More pharmaceutical companies could adopt a similar approach to Eli Lilly’s.  

Cantor Fitzgerald analyst Louise Chen said drugmakers could benefit the most from using a direct-to-consumer pharmacy model for high-selling drugs.

“Cause of the scale of your effort, it [would] probably make sense for bigger drugs,” Chen wrote in an email to CNBC. “You get more bang for the buck and you are reaching more people.”

But Chen said it may be more difficult for a drugmaker to pursue a direct-to-consumer model with smaller, more specialized drugs, such as treatments for complex, chronic, or rare medical conditions. For example, some drugs require specialized training for administration, such as injecting or infusing a therapy into a patient’s vein through an IV. 

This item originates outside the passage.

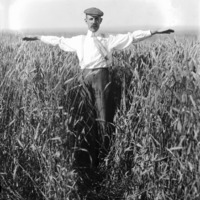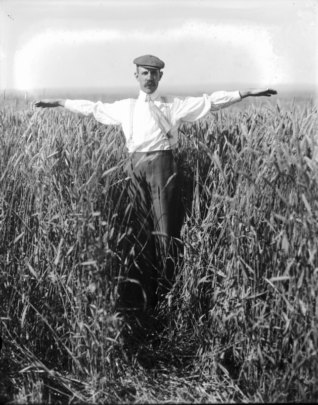 - Clarence Bisbee with arms outstretched in a field of chest-high grain.
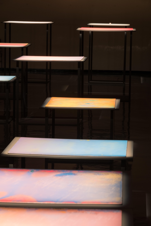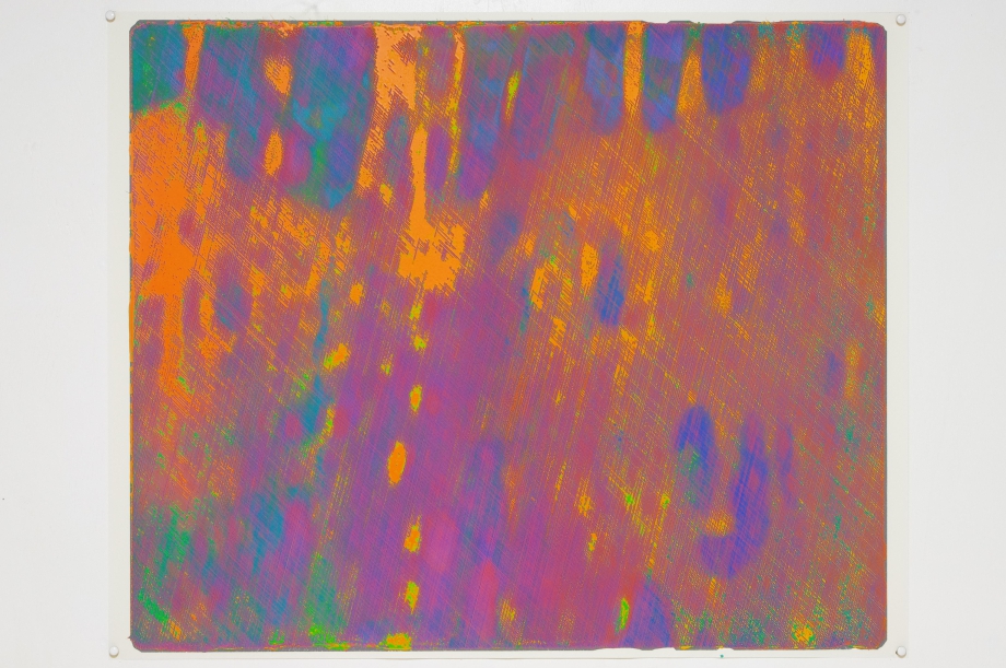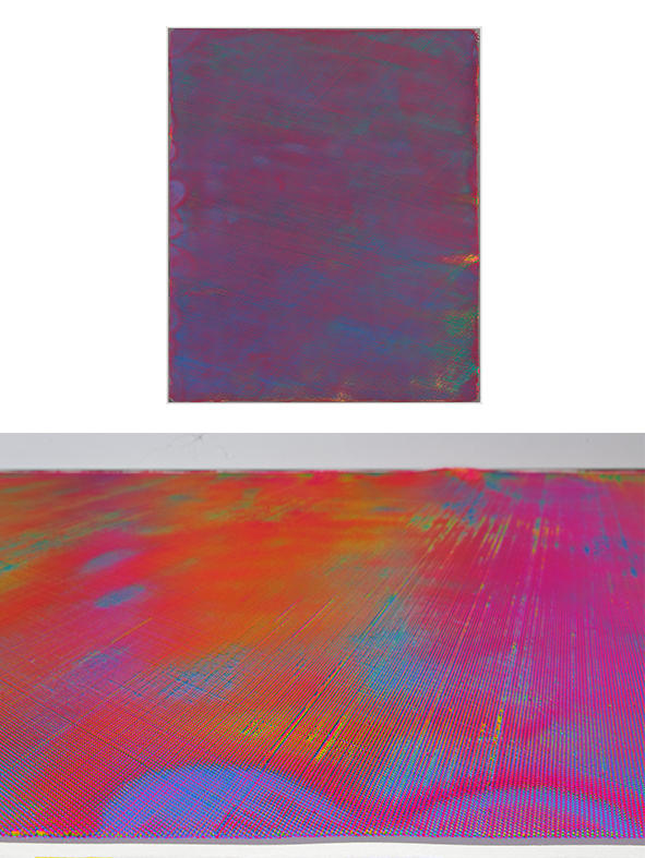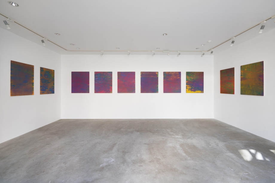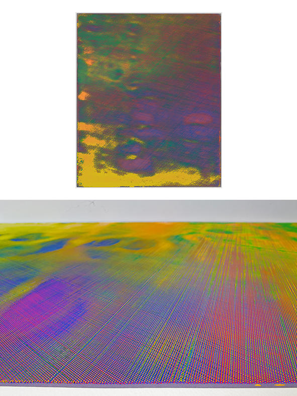 小野耕石(1979年、岡山県生まれ)は、シルクスクリーンの技法を駆使して生み出される無数のインクの柱が立ち並ぶ平面作品 Hundred Layers of Colors シリーズで知られる。手書きしたドットを版に起こし、それを単色で色を変えながら100回も丹念に刷り重ねることで高さ数ミリのインクの柱が立ち並んだ状態が生み出される。無数のインクの柱の集合体が見る側の位置の変化にともない色を妖しげに変え、魅惑的な視覚体験をもたらす。そして何よりも物理的な突起物が密集する様が触覚的で、作家の言うところの「ぞわぞわする」感覚を誘う。 きっかけはある夏の夜、アトリエに飛び込んだ蛾をみて、その鱗粉の質感と名状しがたい色合いを、当時取り組んでいた版画で再現できないか、ということだった。規則的に描いた無機的なドットを、版を重ねることでインクの柱として立ち上がらせ、画面全体はヴェルベットのような質感といわく言い難い色合いを実現した。紙によって、あるいは刷るときの温湿度に影響されるインクの粘度によって生まれる微妙な変化が、画面としては刷ムラやズレといった個体差となって作品ごとの表情を生み出していた。シルクスクリーンという複製技術を用いて、その特性を限界まで強調した結果、版を重ねるごとに生じるわずかな差異によって逆説的にに一点ものの個別の作品を生み出している点がユニークだ。約10年かけて探求されてきた小野のこの技法は、作品「Hundred Layers of Colors」(750×900mm×15枚)が2015年のVOCA賞を受賞するという形で、その独自性が評価された。 VOCA受賞後、初めての本格的な個展となる本展では、Hundred Layers of Colors シリーズ最新作を展示する。小野にとって新たなステージへと脱皮をはかるチャレンジとなった。小野は同じ技法をこれまでと同じように繰り返し用いながら、まったくこれまでとは異なる印象の作品を完成させている。画面に現れる色彩はより鮮やかになり刷りムラなどからくるモアレのような現象のバランスからも平面作品としてみるときの印象はより強いものとなった。使用するインクの色の数、色の層の順番や刷り重ねる回数などの工夫から、これまででは見えてこなかった色やその鮮やかさを獲得した。計り知れない試行錯誤の繰り返しの果てに作家がたどりついた創作の新たな地平とでもいうべきかもしれない。改めて版によって色を重ねるということと、それを見せられるようになったことで、小野のさらなる飛躍に期待が高まる。

Drugmakers that do adopt a direct-to-consumer approach could add even more pressure on the nation’s traditional drug supply chain after other companies moved to simplify the system in recent months.

That includes CVS Health, which announced plans to overhaul its business model for pricing prescription drugs in December, adopting a similar model to billionaire Mark Cuban’s direct-to-consumer pharmacy, Cost Plus Drugs. Health-care giant Cigna also announced in November that its PBM will offer a pricing model similar to Cuban’s venture.

Cost Plus Drugs aims to drive down the price of medicines broadly by selling them at a set 15% markup over their cost, plus pharmacy fees.

That company is already shaking up the broader health-care industry: CVS suffered a blow over the summer when a major California health insurer, Blue Shield of California, announced it will no longer use the company as its PBM and instead will partner with several other businesses, including Cuban’s firm and Amazon Pharmacy.